Let these transient visitors travel into the interior of the islands, and look upon the agricultural population in their own neat and quiet homes, and become acquainted from observation with their daily habits; they will find themselves surrounded by an industrious, respectful, orderly, and law-obeying people, very different from the sottish and disorderly rabble which first arrested their attention on the wharf at which they landed. And let them take the trouble to investigate the subject fully, and they will discover that although great commercial depression has prevailed in all the islands, yet the falling off in staple products is limited to a few of them, being more than made up in others; and that where cultivation has been abridged, it may, as shown in a preceding article, be ascribed to the operation of causes entirely distinct from the abolition of slavery.

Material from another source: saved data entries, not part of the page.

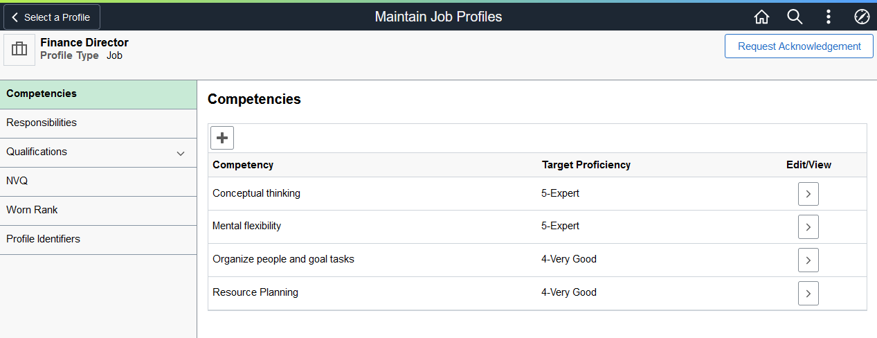 (Managers) The Request Acknowledgement button appears for managers on the Maintain Job Profiles page when the profile type and identifier has been configured to participate in the acknowledgement process on the Profile Types - Identities Page.
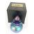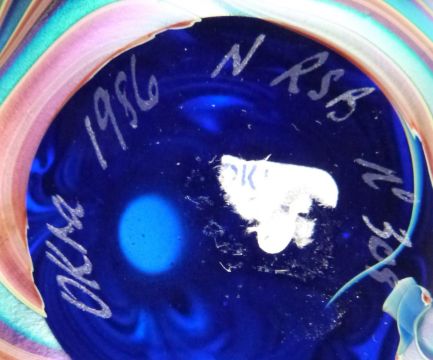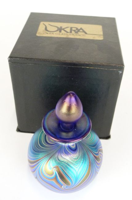 Okra iridescent glass scent bottle with pulled feather decoration over a cobalt blue ground, 10.5cm tall, in original box.
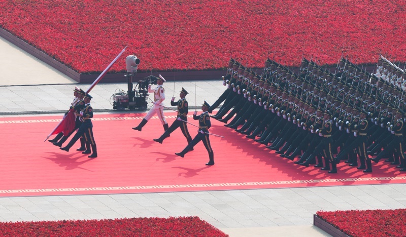 9月3日,紀(jì)念中國人民抗日戰(zhàn)爭暨世界反法西斯戰(zhàn)爭勝利80周年大會在北京隆重舉行。這是走向旗桿基座的國旗護衛(wèi)隊。
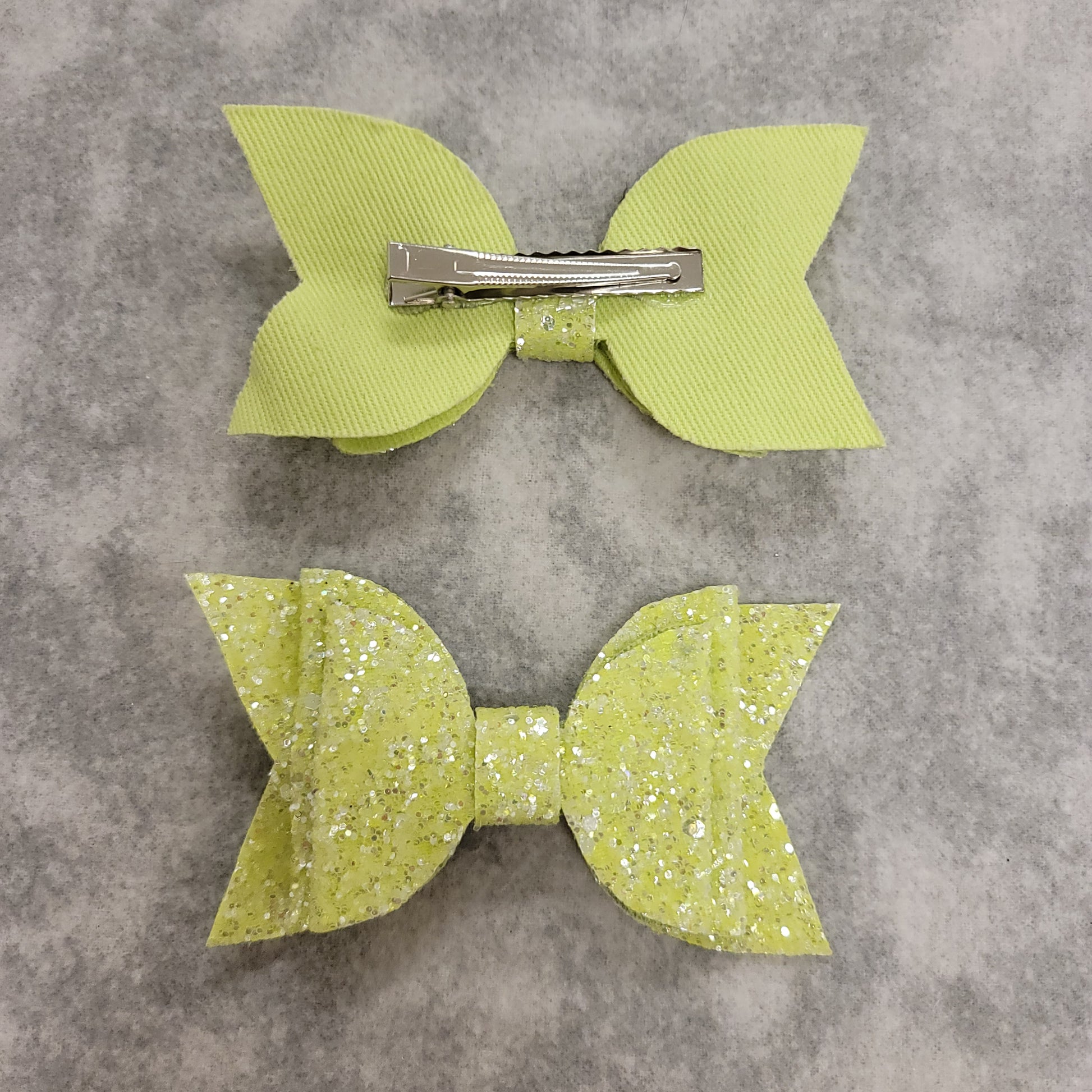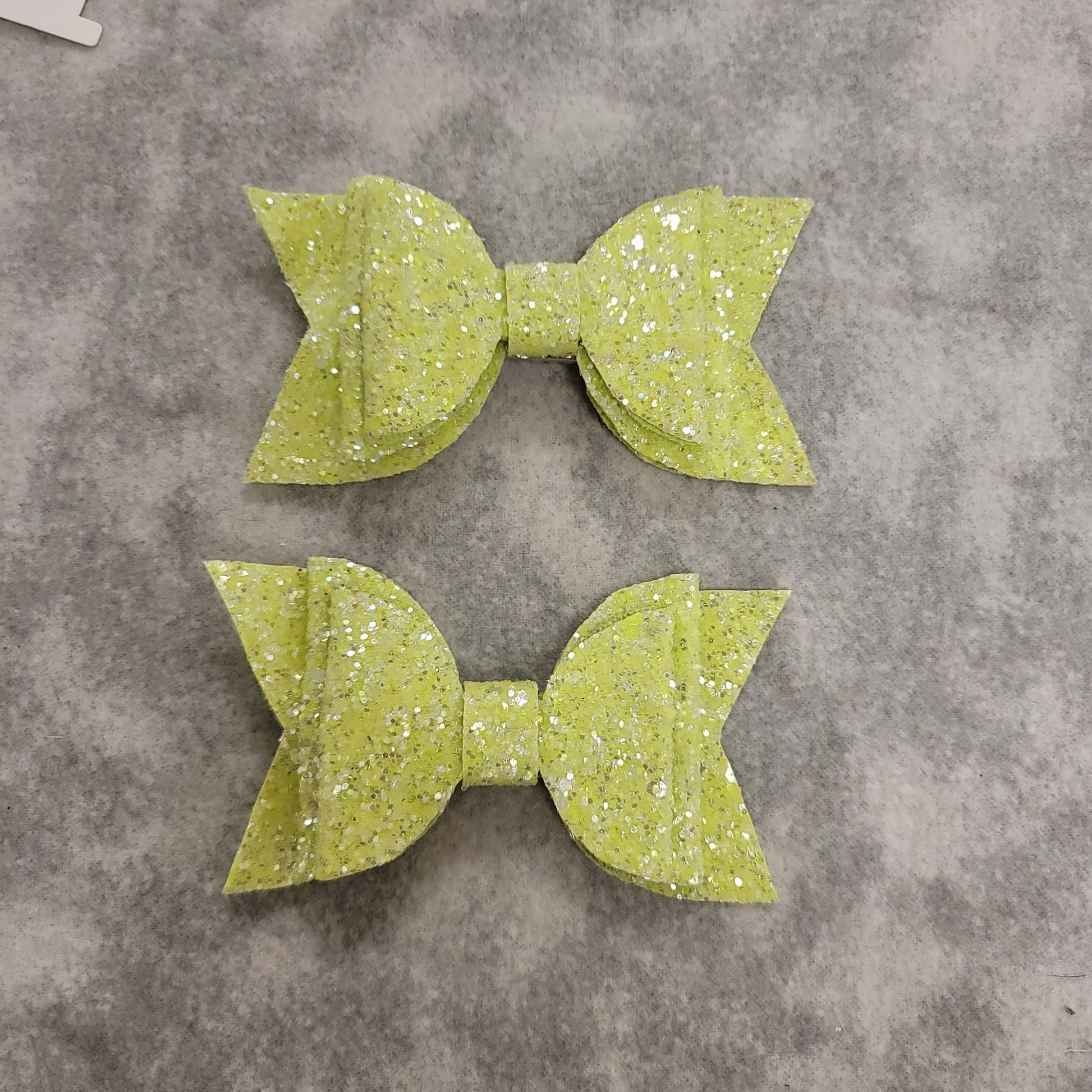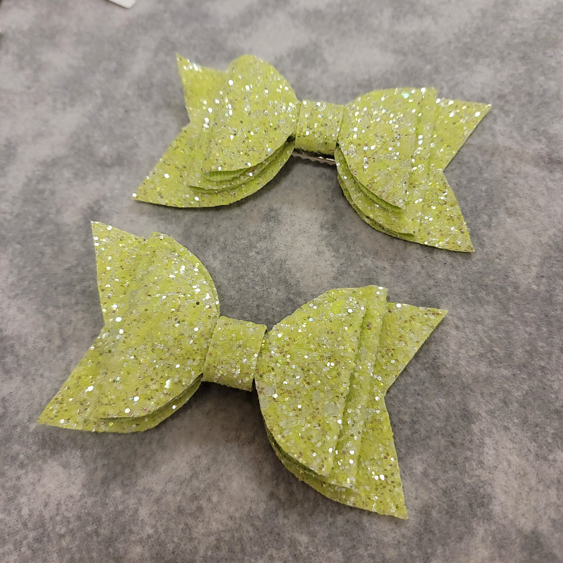 Neon yellow glitter material with soft backing. Double stack large bow secured on an alligator clip.
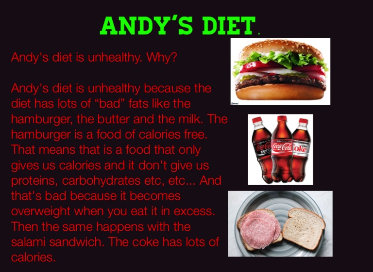Andy's diet is unhealthy because the diet has lots of “bad” fats like the hamburger, the butter and the milk. The hamburger is a food of calories free. That means that is a food that only gives us calories and it don't give us proteins, carbohydrates etc, etc... And that's bad because it becomes overweight when you eat it in excess. Then the same happens with the salami sandwich. The coke has lots of calories.
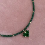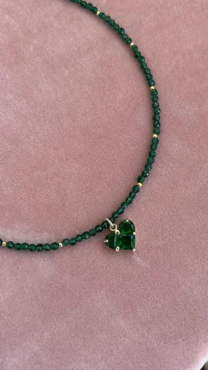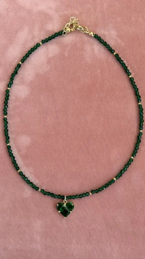 Стильное колье с зелёными бусинами фианитов и золотистой подвеской-сердцем станет ярким акцентом вашего наряда. Украшение универсально для повседневной носки и особых случаев. Регулируемая длина, качественная фурнитура

The greatest depression which the agricultural and commercial interests of tlfe West Indies ever experienced, occurred during the five or six years immediately following the adoption of the free-trade policy of Sir Robert Peel's government, and the measure for equalizing the duties on British and foreign sugars. Then it was that a large number of proprietors were brought to a stand, for want of capital to continue the culture of their estates, and some hundreds of properties of different kinds were thrown out of cultivation altogether. The mortgagees, up to this time, had continued to make advances sparingly to their insolvent constituents, which they were able to do from the compensation money for the slaves which they had received, and which, taking Jamaica as an example, would, on a plantation possessing four hundred slaves, amount to between eighty and ninety thousand dollars. But when the act to which we have referred passed, in 1846, the price of sugar went down in the British market at least 50 per cent.; property in the West Indies became fearfully depressed in value; the merchants and capitalists shrunk, as a matter of course, from making investments or continuing advances while such a gloom rested upon the colonies; and, as the natural and unavoidable result, many of the planters, who were entirely dependent upon such advances, were necessitated to discontinue the cultivation of their estates, just as many .persons, during the late monetary crisis in England and the United States, were compelled, from causes very similar, to give up the business in which they were engaged.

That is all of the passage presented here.